A number of years ago I traveled over to Cavan, Co. Ireland for ten days of the annual Fleadh Cheoil (“Festival of Music”) with my son and a few other close musician friends.  I had been to Ireland once before to run a marathon.  That had been a memorable trip, full of laughter and tourism and many, many miles with my friends from DC where we lived at the time.  A quick in, quick out weekend really.  And we didn’t even get far out of Dublin as there was simply no time.  But this more recent trip to County Cavan was far different.  In the years since my last visit, I had learned so much about Ireland beyond the touristy stuff.  I had taken some big bites of the music and had begun to make it my own in my heart.  I was so much more wide awake this time around.  And the land itself spoke a good deal louder there in the Cavan countryside, away from the traffic and the noise of a road-race, circus-like atmosphere.  Each day as we walked the village roads into town from our little house, I felt a sense of home that, if I am to be completely honest, scared me.  It’s trite in some ways to admit to that sense of home in Ireland.  Especially at this time of year.  It is not my place to claim.  I live in Ohio.  And yet, I have not been able to shake it off in the years since.

I purchased a tiny landscape painting by local Cavan artist Imelda Bradley on the street one day when the sun was actually shining.  This moody image of the misty, lake-strewn land of 365 lakes (one for every day of the year!) hangs by my bedside now and informs my dreaming.  I look to it to inform my sense of home back here at this home, where I live now.  Because this is where I am for now.

I am seeking to deepen that sense of belonging right here, right now.
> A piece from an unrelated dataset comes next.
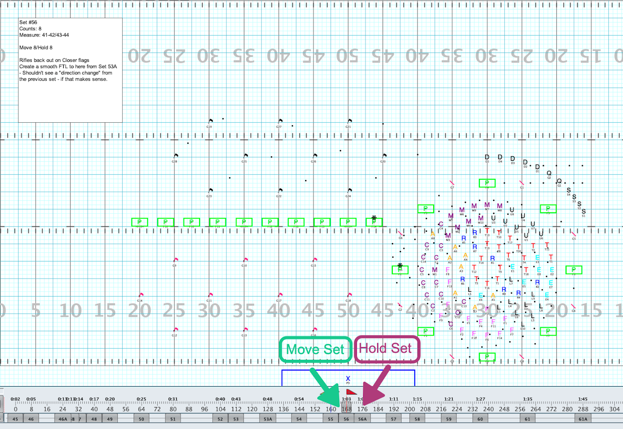 If you have a “move 8, hold 8,” instead of having a 16 count move where you would only have the performers moving for the first 8, instead, add a New Numbered Set Tab after the first 8 counts and a second “Subset Tab” after the second 8 counts to represent the Hold portion, thus breaking the move into “two 8’s.”

For now is all we are ever promised.  Just now.  Just this moment.  In all of my recent reading and research, I am seeking to find that sense of dúchas in this place in which I currently find myself.    I’ve been reading quite a bit of Wendell Berry’s work, as he lives just down the way in rural Kentucky.  And funny thing is, apparently so is Robert MacFarlane across The Pond who tweeted this out recently:

“….to defend what we love, we need a particularising language, for we love what we particularly know.”
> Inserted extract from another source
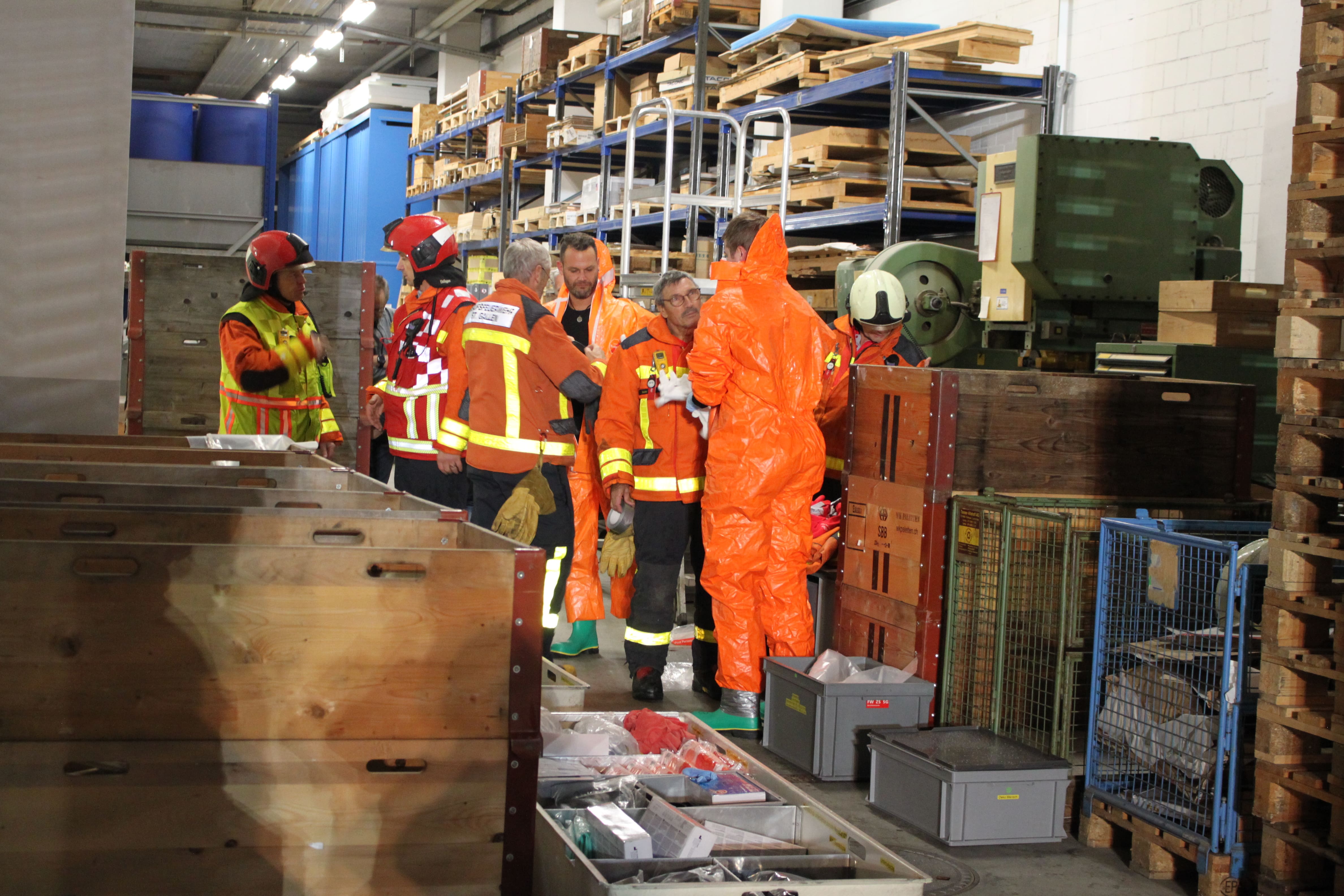 Zeitgleich wurde das ausgelaufene Medium mit Chemikalienbindetüchern aufgenommen. Die kontaminierten Tücher wurden in ein Dekofass gegeben und dem Betrieb zur Entsorgung übergeben.

~Wendell Berry (agrarian, writer)

I am finding the language I seek through a mycelium-styled network of like-minded artists, writers and thinkers, many of whom live far away but whose word-ways feel familiar to me.  Sometimes they lead me back around nearer to where I live now which is nice.  While I read the latest book by Irish garden designer, Mary Reynolds,  I also will sign up for an up-coming plant-magic sort of class with Asia Suler of One willow Apothecaries, just south there in the Appalachian mountains, a bit closer to home.  I find both of these gardeners carry a similar take on the magic to be found just below our feet and the messages it all may have for us.  I also plan to seek out the four stands of old-growth trees right here in my own city (yes, it’s true!!!) as written about by local naturalist John Tallmage in a book I am still devouring called The Cincinnati Arch, Learning from Nature in the City.   
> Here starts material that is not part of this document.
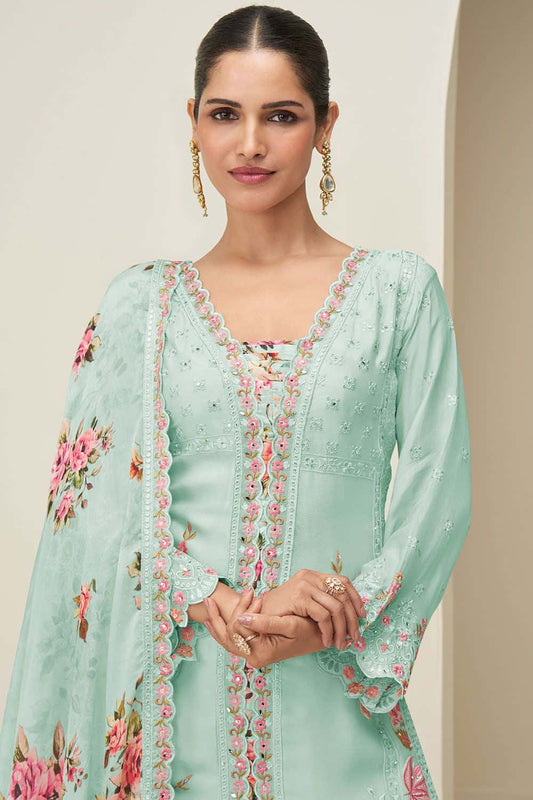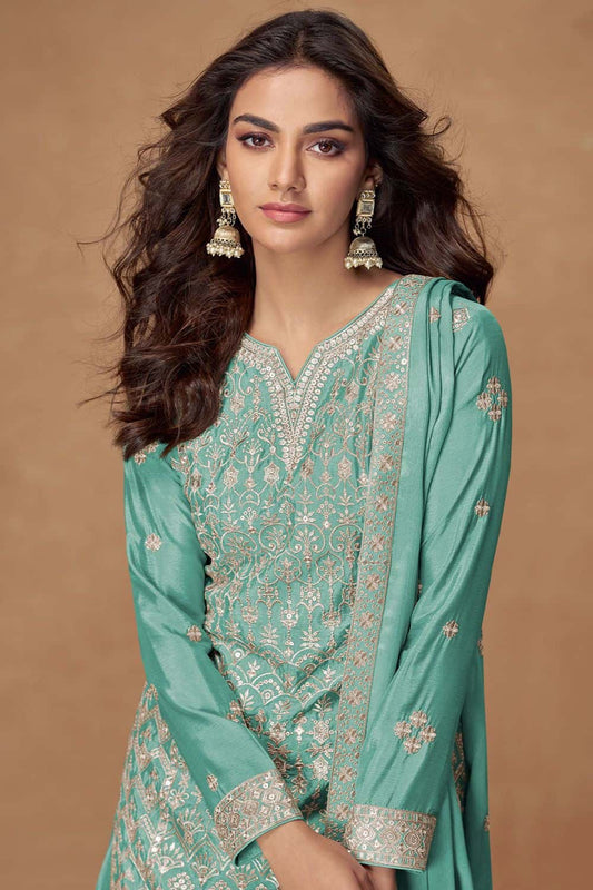 Regular price From £128.39 GBPRegular priceUnit price / perSale price From £128.39 GBPTurquoise Silk Multi Thread Embroidery Palazzo SuitSFSMT50702R

I am learning so many new languages.  Layers upon layers of expression to bridge the gap between myself and the world.  The Spanish language, which I will re-visit and practice once again in Guatemala in just over a week.  The language of Irish music, which I’ll play so much of the day tomorrow on the Feast of St. Patrick.  The language of trees, which I hope to learn on many levels.  Having taken down a number of trees recently, I am wholeheartedly asking our little patch of land what it wants in the way of new trees to replace those which have passed.  I hope to have the ears to listen.

I am eager for the language of story as well.  So many of the stories to which I am drawn are from far away places.  The local stories, at least the older ones, are proving difficult to dig up.  But I shall seek them out, even as I enjoy the others, for if a story calls to your heart, then surely there is something there to be learned from it, yes?.  Here in Cincinnati, we live on land much like The Chalk, described by Terry Pratchett in his Discworld books, the Tiffany Aching series in particular.  This Land Under Wave is as good a place to dig in for now.  This place from which to explore the rest of this wide and wonderful world, this place to come home to.

 

 

Where your name is spoken

Looking Westward, a drawing of mine from a few years ago…. Raven is a bird close to my heart.

What a winter we are weathering.  Not for the normal reasons which might lead to a bout of winter weariness such as darkness or the ice and snow (we’ve had little of either, though we do suffer our fair share of a seemingly endless milky-gray pearlescence, which is a nice, wordy way of saying ‘day to day dismal’.)

Instead, there seems to be a general sense of malaise in all corners, at least to my winter-wearied eyes.  The political climate of late is one I am deeply committed to keeping track of, though how to do so and still nurture my rich inner world is proving to be a bit of a challenge.  (I am up to the challenge.)  All told, through this winter’s darkness, both literal and metaphorical, I’ll admit to having had to dig quite deeply to find any light lately within my heart- physically, creatively.  Some days I have felt quite extinguished indeed.  It’s been a hard time, ‘I don’t mind tellin’ you.’  

But, I do have a few tricks up my sleeve and all is not lost, fear not!  I am back to running the local village paths once again more routinely, just in recent days, no matter the weather! This morning I awoke with the clearest head I have had in months, the cobwebs having been cleared from my seratonin-deprived brain by just a few short, but successful hard runs around my neighborhood.  I could nearly weep with joy for the returning of this source of bliss and emotional sustenance in my life.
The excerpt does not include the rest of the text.